6. Noche perfecta
Una de las cosas que volvían del bar Zellis un sitio increíble era, por supuesto, la composición de su construcción. Mientras la fachada de bloques amarillos y los arcos que decoraban las entradas lo hacían parecer el típico pub, el interior se transformaba pasando el recibidor y es que, además de la barra y un par de mesas donde tomar asiento, el verdadero encanto del lugar se ocultaba al traspasar las puertas que conducían al patio exterior.
La cabina del DJ se alzaba al fondo, rodeada por un foso de agua que cambiaba de color debido a la iluminación y separaba su espacio de la pista de cristal, donde los interesados en bailar se apiñaban para encontrar un poco de diversión. Los muros tapizados de enredaderas brindaban una atmósfera increíble al resto, igual que las mesas repartidas alrededor del patio, con sus sofás de cuero negro invitando a los presentes a tomar asiento y disfrutar de una deliciosa bebida.
El bar parecía repleto cuando Kojiro y Aimé llegaron, pero no habría sido el tigre japonés si no hubiera conseguido con sólo un autógrafo al capitán de meseros, que les ofrecieran una mesa al fondo del lugar. Una camarera se unió pronto a ellos para tomarles la orden y aunque parecía pendiente de cada movimiento del hombre, la española que lo acompañaba pensó que aquella chica debía estar esperando conseguir su firma también, porque no apartaba la mano de la pluma que llevaba atada al mandil en la cintura.
— ¿Qué te apetece? — preguntó Hyuga, llamando su atención.
— No lo sé, elige tú — repuso, ligeramente sonrojada por no haber estado pendiente de él. El japonés no se lo tuvo en cuenta y luego de echar una ligera mirada al pequeño menú sobre su mesa, ordenó un par de bebidas a base de ron y despidió a la camarera.
— Y bien, ¿qué te parece? ¿Habías venido alguna vez? —
— Una, hace tiempo. Todavía estudiaba y vine con unos amigos — respondió Aimé.
— Entonces, ¿qué clase de chica eres en una fiesta? No me trago que seas del tipo que llega, se sienta y no se mueve en toda la noche —
— No, me gusta bailar y también beber. Tengo un montón de primos así que cuando me hice mayor y pude entrar a su círculo, aprendí a beber como pocas y llegué a ganarme su respeto con las apuestas de shots de tequila — le dijo y sonrió.
Se enfrascaron en una charla que versaba sobre las increíbles aventuras que Aimé había vivido en compañía de sus primos mayores y más tarde, también con algunos de sus compañeros de la universidad.
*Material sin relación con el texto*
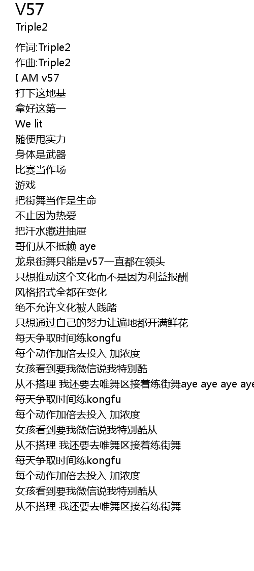 | 从不搭理 我还要去唯舞区接着练街舞aye aye aye aye | |

Kojiro parecía a medias fascinado y a medias sorprendido porque la chica hubiese resultado ser el alma de la fiesta y siguió preguntando y queriendo saber más de sus anécdotas, hasta que los tragos se acumularon sobre la mesa y la española prefirió demostrar sus habilidades, en lugar de sólo narrarlas.
Tirando de su mano hasta el centro de la pista, Aimé lo instó a seguirla y fue paciente al advertir que Kojiro en realidad no tenía idea de lo que hacía Aprendió un poco mientras estuvo con ella, pero nunca serían suficientes un par de lecciones improvisadas para hacerlo alcanzar el nivel de la española, mucho menos cuando la música cambiaba y en lugar de pop terminaban escuchando algo que ella llamó bachata. Seguir el ritmo de aquella música no sólo era complicado para él, sino que además, la atención se le iba directo sobre la castaña.
Cuando quedó claro que Kojiro no podía más, Aimé cedió a detenerse y le acompañó hasta la barra donde buscaron un rinconcito para aplastarse a charlar y descansar y terminaron ordenando un par de tragos más. Casi habían terminado cuando el tigre tuvo una fantástica idea y en menos de lo pensado, se inclinó sobre la barra y pidió al cantinero diez shots de tequila.
— Si no te conociera, diría que estás intentando retarme — sonrió Aimé, al ver los diez tragos formados frente a ellos.
— Bueno, ¿y qué quieres perder si eso es lo que hago? — siguió él, divertido.
— ¿Qué tal si me das la entrevista que no quieres dar? Puedes mentirme, lo único que necesito es tu voz grabada para que Franca me deje vivir — propuso y el moreno debió considerarlo porque pareció pensativo durante un minuto.
Antes de que respondiera, Aimé tomó el primer vasito y lo empinó directamente al interior de su garganta. El licor quemó duramente su garganta al descender, pero el sabor que recordaba y la mirada del otro sobre ella, valían completamente haberlo ingerido. No pasó mucho antes de que Kojiro la siguiera y aunque comenzaban a sentirse ligeramente mareados al llegar el último trago, ambos consiguieron terminarlo y luego de beberlos echaron a reír.
Pensaron en volver a la pista, cuando una llamada de parte de Gentile ingresó en su móvil y antes de dejarla pasar, Kojiro se disculpó para poder atender. No era extraño que su amigo llamara, más si lo era que ocurriera a altas horas de la noche. Se apartó de la chica hasta alcanzar un punto donde escuchar claramente al italiano y esperó a que lo que este tuviera para decir fuese realmente importante.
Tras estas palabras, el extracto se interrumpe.